> **HOW TO COMPLETE THIS TASK**
Below are entries; copy exactly the lines from the one with "mauve white flowers" through the one with "Jabłko, najbardziej znany", both included, and leave out the rest.

> **GIVEN ENTRIES**

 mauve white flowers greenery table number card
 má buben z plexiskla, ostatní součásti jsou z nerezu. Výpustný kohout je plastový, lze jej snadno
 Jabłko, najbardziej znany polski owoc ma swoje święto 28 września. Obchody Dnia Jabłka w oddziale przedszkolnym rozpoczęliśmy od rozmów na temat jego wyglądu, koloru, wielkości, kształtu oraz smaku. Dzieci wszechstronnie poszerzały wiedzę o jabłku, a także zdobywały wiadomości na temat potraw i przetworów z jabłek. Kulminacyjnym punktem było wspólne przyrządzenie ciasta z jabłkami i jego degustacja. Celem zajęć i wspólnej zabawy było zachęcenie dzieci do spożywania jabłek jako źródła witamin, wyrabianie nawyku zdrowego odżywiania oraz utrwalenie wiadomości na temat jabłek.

...

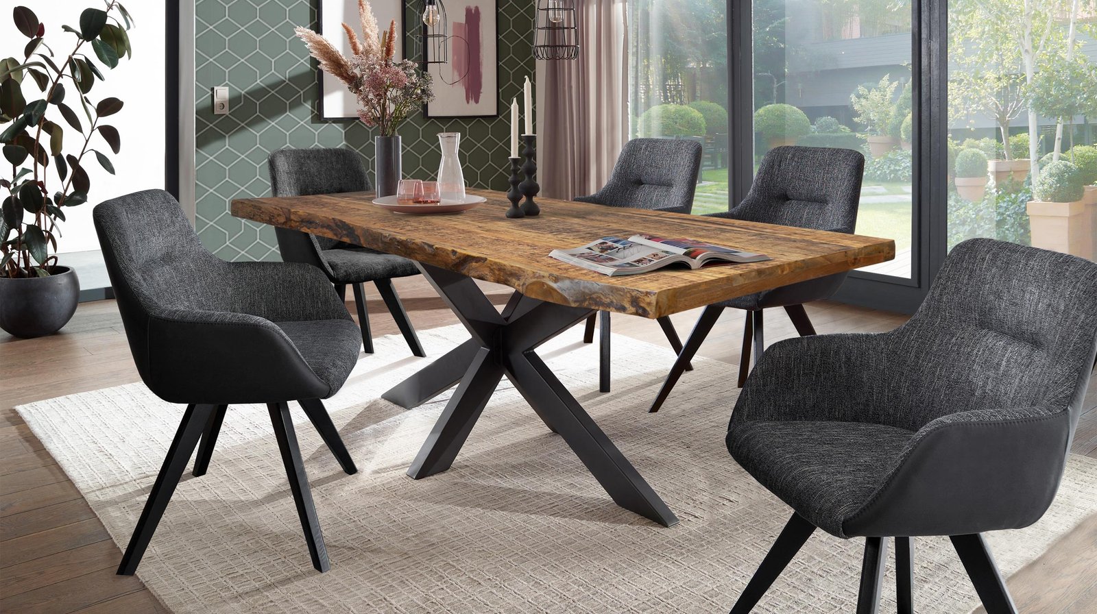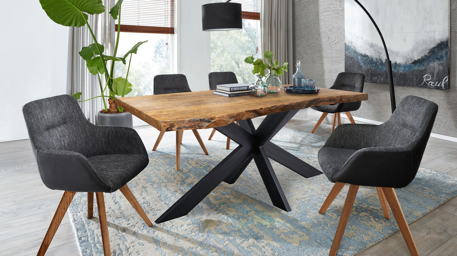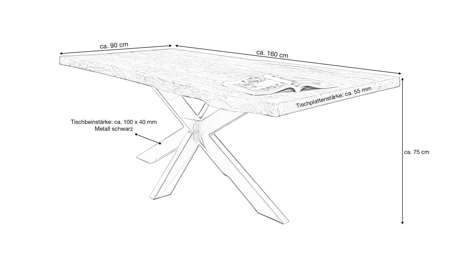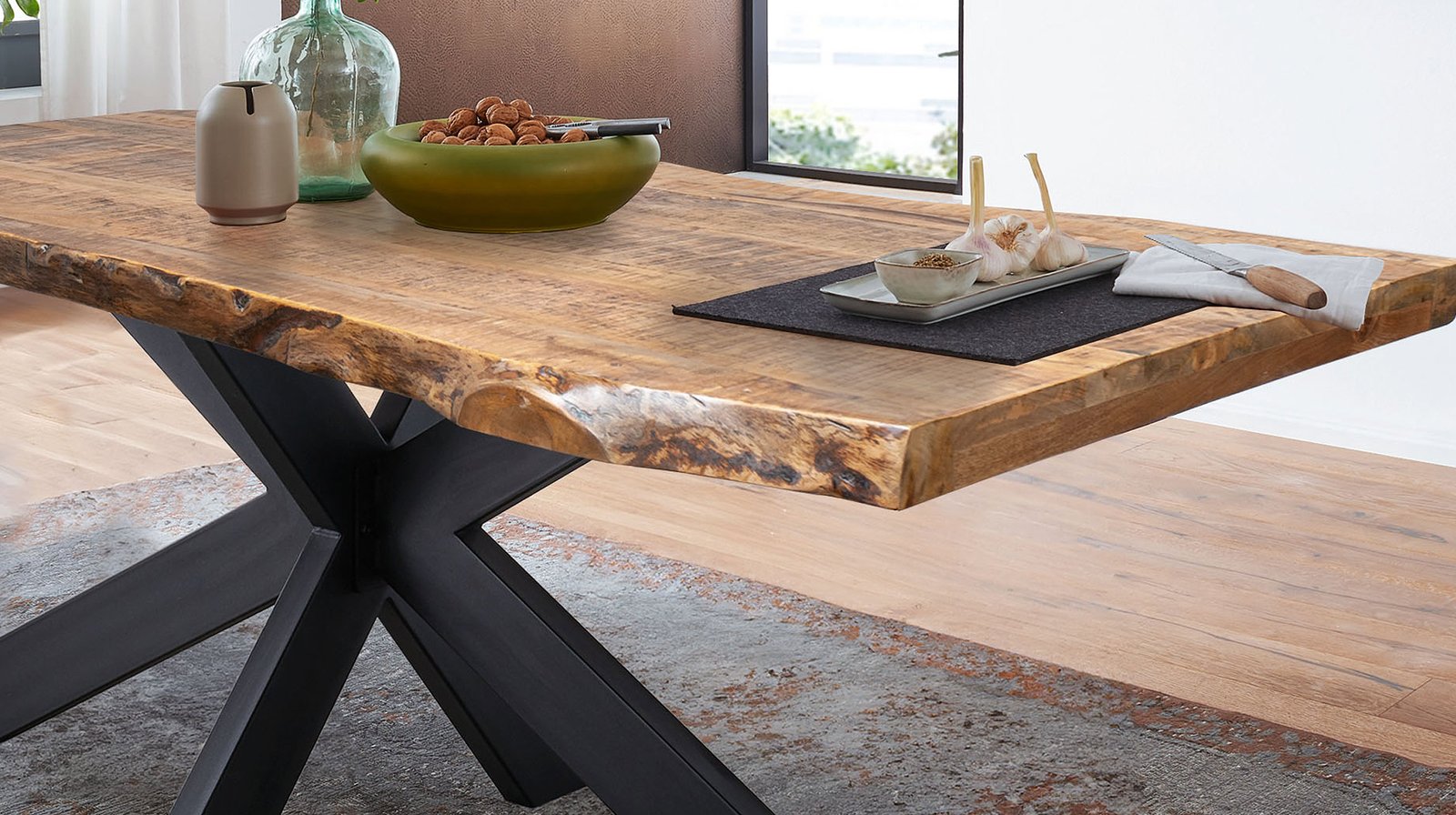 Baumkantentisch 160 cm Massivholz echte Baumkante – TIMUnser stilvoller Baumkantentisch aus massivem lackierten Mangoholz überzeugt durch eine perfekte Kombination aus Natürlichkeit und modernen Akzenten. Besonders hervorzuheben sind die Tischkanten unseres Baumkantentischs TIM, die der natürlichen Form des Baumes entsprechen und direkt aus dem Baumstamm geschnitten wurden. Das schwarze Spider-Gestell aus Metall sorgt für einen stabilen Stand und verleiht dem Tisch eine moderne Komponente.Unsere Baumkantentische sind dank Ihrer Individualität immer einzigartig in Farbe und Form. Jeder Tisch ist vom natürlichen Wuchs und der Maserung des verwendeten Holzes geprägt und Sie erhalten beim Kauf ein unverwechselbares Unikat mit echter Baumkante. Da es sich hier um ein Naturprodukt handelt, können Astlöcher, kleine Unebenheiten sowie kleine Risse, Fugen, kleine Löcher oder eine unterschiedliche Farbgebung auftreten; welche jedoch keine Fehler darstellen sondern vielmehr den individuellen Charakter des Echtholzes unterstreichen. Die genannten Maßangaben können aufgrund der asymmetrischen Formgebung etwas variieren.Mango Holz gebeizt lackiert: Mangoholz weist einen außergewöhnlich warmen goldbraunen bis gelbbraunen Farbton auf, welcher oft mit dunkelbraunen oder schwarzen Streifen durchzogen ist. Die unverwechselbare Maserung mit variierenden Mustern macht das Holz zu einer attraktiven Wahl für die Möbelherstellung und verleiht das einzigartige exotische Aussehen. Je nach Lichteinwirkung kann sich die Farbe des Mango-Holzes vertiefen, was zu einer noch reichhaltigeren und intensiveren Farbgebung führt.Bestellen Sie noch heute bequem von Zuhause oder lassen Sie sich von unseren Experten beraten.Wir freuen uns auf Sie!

> **EXERCISE RESULT**
 mauve white flowers greenery table number card
 má buben z plexiskla, ostatní součásti jsou z nerezu. Výpustný kohout je plastový, lze jej snadno
 Jabłko, najbardziej znany polski owoc ma swoje święto 28 września. Obchody Dnia Jabłka w oddziale przedszkolnym rozpoczęliśmy od rozmów na temat jego wyglądu, koloru, wielkości, kształtu oraz smaku. Dzieci wszechstronnie poszerzały wiedzę o jabłku, a także zdobywały wiadomości na temat potraw i przetworów z jabłek. Kulminacyjnym punktem było wspólne przyrządzenie ciasta z jabłkami i jego degustacja. Celem zajęć i wspólnej zabawy było zachęcenie dzieci do spożywania jabłek jako źródła witamin, wyrabianie nawyku zdrowego odżywiania oraz utrwalenie wiadomości na temat jabłek.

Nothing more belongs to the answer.